Personal information
- Born: October 5, 1946 (age 79) Bessemer, Alabama, U.S.
- Listed height: 6 ft 2 in (1.88 m)
- Listed weight: 230 lb (104 kg)

Career information
- High school: Jackson S. Abrams (Bessemer)
- College: Alcorn State (1965-1968)
- NFL draft: 1969: undrafted

Career history
- Detroit Lions (1969); Philadelphia Eagles (1970–1972); Buffalo Bills (1973–1974); New York Giants (1975–1977);

Career NFL statistics
- Rushing yards: 1,711
- Rushing average: 3.8
- Receptions: 51
- Receiving yards: 284
- Total touchdowns: 13
- Stats at Pro Football Reference

= Larry Watkins =

American football player (born 1946)

Lawrence Watkins (born October 5, 1946, in Bessemer, Alabama) is an American former professional football player who was a running back in the National Football League (NFL) for the Detroit Lions, Philadelphia Eagles, Buffalo Bills, and the New York Giants. He played college football for the Alcorn State Braves.

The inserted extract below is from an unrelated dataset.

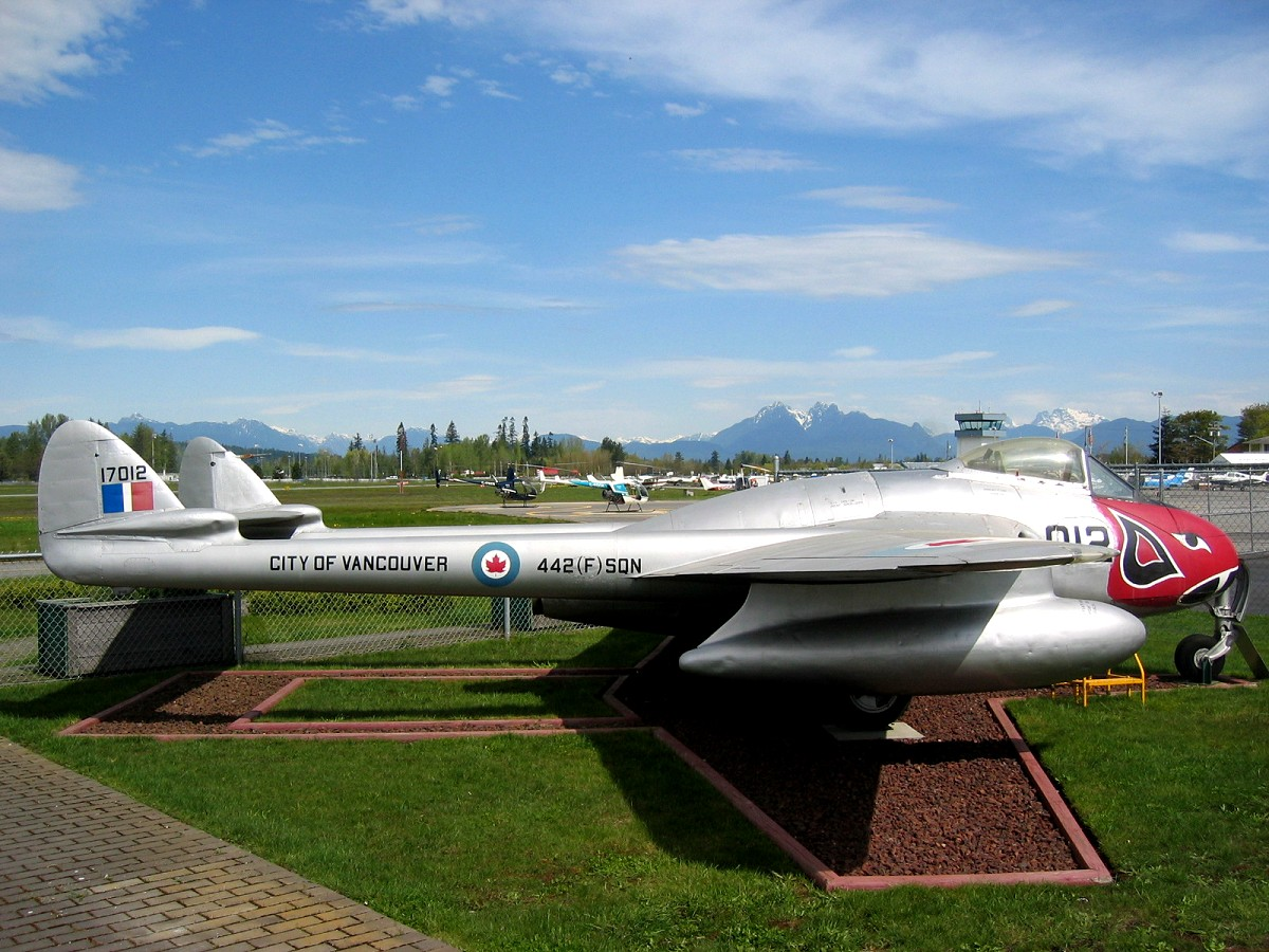 De Havilland DH-100 Vampire - Canadian Museum of Flight - Langley, BC

== Early professional career ==

After college, Watkins was signed as a free agent by the Detroit Lions in 1969. In 1970, the Lions traded him to the Philadelphia Eagles, where he served as a reserve for three years.

== Buffalo Bills ==

In 1973, Watkins started the first nine games of the season at fullback for the Bills. In that role, he extensively blocked for O. J. Simpson, who put up 2,003 yards, a season rushing record. After the first nine games, Watkins was demoted in favor of Jim Braxton. Overall, Watkins finished 1973 with 414 yards gained across 98 carries and two touchdowns.

In 1974, Watkins injured his ankle in the final pre-season exhibition game. As a result, he received only limited playing time in the regular season. The Bills then traded him to the Giants in exchange for a draft pick.

== New York Giants ==

Watkins played for the Giants from 1975 through 1977. The New York Times called him a "steady capable reserve" in 1975 and 1976. The Giants waived him in late September 1977. The team needed space on its roster to pick up an additional defensive end after George Martin was injured in the first game of the season. However, in October 1977 Watkins returned to the team.

== Personal life ==

As of October 1977, Watkins lived in Mt. Laurel, NJ with his wife and two children. Outside of football, he worked as a schoolteacher.